Окунь засмеялся своим пронзительным, немного визгливым смехом:
– Так ты полагаешь, что они для тебя расчищали фронт работ?
– Не знаю, так получается, во всяком случае.
Окунь потрогал дужку очков, покачал своей кудлатой головой:
– Нет, не получается. Если ты не уймешься, они тебя уничтожат. – И сказал он это как-то горько-уверенно, твердо, наверняка без всяких сомнений и обсуждений, будто он не защитник мой бывший, ныне кореш и советчик, а Генеральный прокурор гражданин Руденко. И от этого мне стало как-то не по себе. А может, я уже коньяку выпил многовато? Я спросил:
– Но почему же именно меня?
– Тебя, Бакуму, всех остальных...
– А что произошло? Есть какое-нибудь постановление?
– Есть. Есть постановление идти нашему обществу в коммунизм. А там тебе места нет.
– Допустим. Но у меня два вопроса. Во-первых, они с самого начала шли в коммунизм, и мне это существенно не мешало. Почему же сейчас они меня станут уничтожать? И второе: а тебе в коммунизме место есть?
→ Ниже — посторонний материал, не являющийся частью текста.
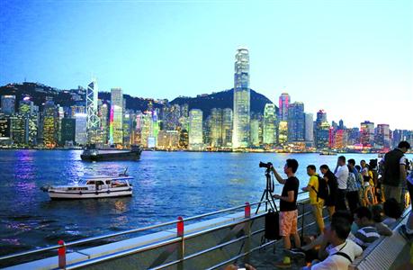 游客在尖沙咀欣赏港岛夜景(2013年7月5日摄)。 新华社发
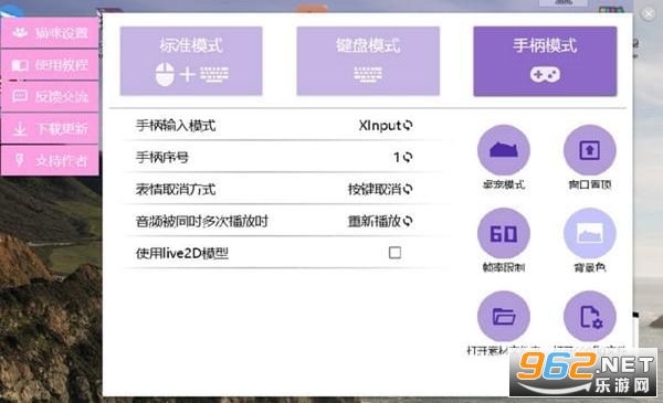 2.在打开的UI面板中选择猫咪显示模式,并点击【窗口置顶】即可将猫咪置顶在您的画面上;
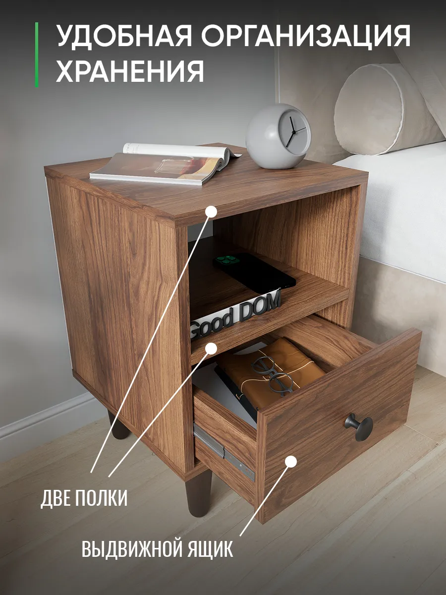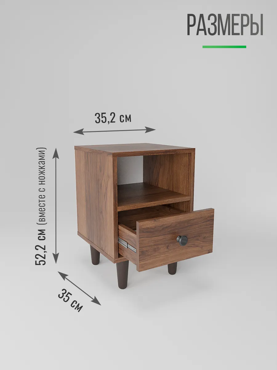 Тумба на ножках также может расположиться даже в гараже для небольших инструментов. Стильная тумба в офис дополнит интерьер приемной или кабинета. Ее можно использовать как подставку под принтер. Столик прикроватный для завтрака или кофе. Компактная тумбочка подойдет для хранения косметики и детских вещей. Современный дизайн тумбы - отличный выбор для тех, кто ценит минимализм и стиль лофт loft, а деревянные ножки и стильная ручка-кнопка в черном цвете поможет создать дизайн интерьера в стиле сканди. Можно с легкостью использовать ее как тумба под маленький телевизор ТВ или ноутбук, а так же как туалетный столик или макияжный, для девочки под зеркало. Подойдет любой квартире в гардеробную в виде приставной тумбочки или например подставка или полка для цветов, фотографий, телефона, книг или роутера.Маленький комод для детской поможет не растерять мелкие игрушки и любимые книги.

– Отвечаю в порядке поступления. – Он снова пронзительно засмеялся. – Дорога в коммунизм – весьма долгое и трудное мероприятие и требует наряду с определенными нравственными установлениями необходимых экономических предпосылок. С точки зрения их морали и идеологии ты и раньше был явлением острореакционным, и они в силу своих возможностей с тобой боролись. Но, во-первых, вас было очень много, а во-вторых, ваша проблема сдвигалась в тень из-за тысяч других, более насущных задач. Теперь вас стало гораздо меньше, зато государство располагает неизмеримо большими материальными и людскими резервами, для того чтобы подавить вас окончательно и навсегда. И сейчас этот вопрос уже в повестке дня...
– Понял. А как со вторым вопросом?
– Насчет моего места в коммунизме? Насчет коммунизма не знаю, но думаю, что на весь остаток социалистического строительства мне местечко спокойное отыщется.
– Это почему же? Объясни мне, чем ты меня лучше?
Окунь захохотал тонко, визгливо, хлопая себя ладонями по пышной груди, у него даже очки от смеха запотели. Он протер их пальцем.
– Ты, оказывается, в амбицию полез! Так знай, что я тебя нисколько не лучше. Я тебя хуже, я много, слышишь, много хуже тебя!
– Тогда почему тебе найдется место, а мне нет?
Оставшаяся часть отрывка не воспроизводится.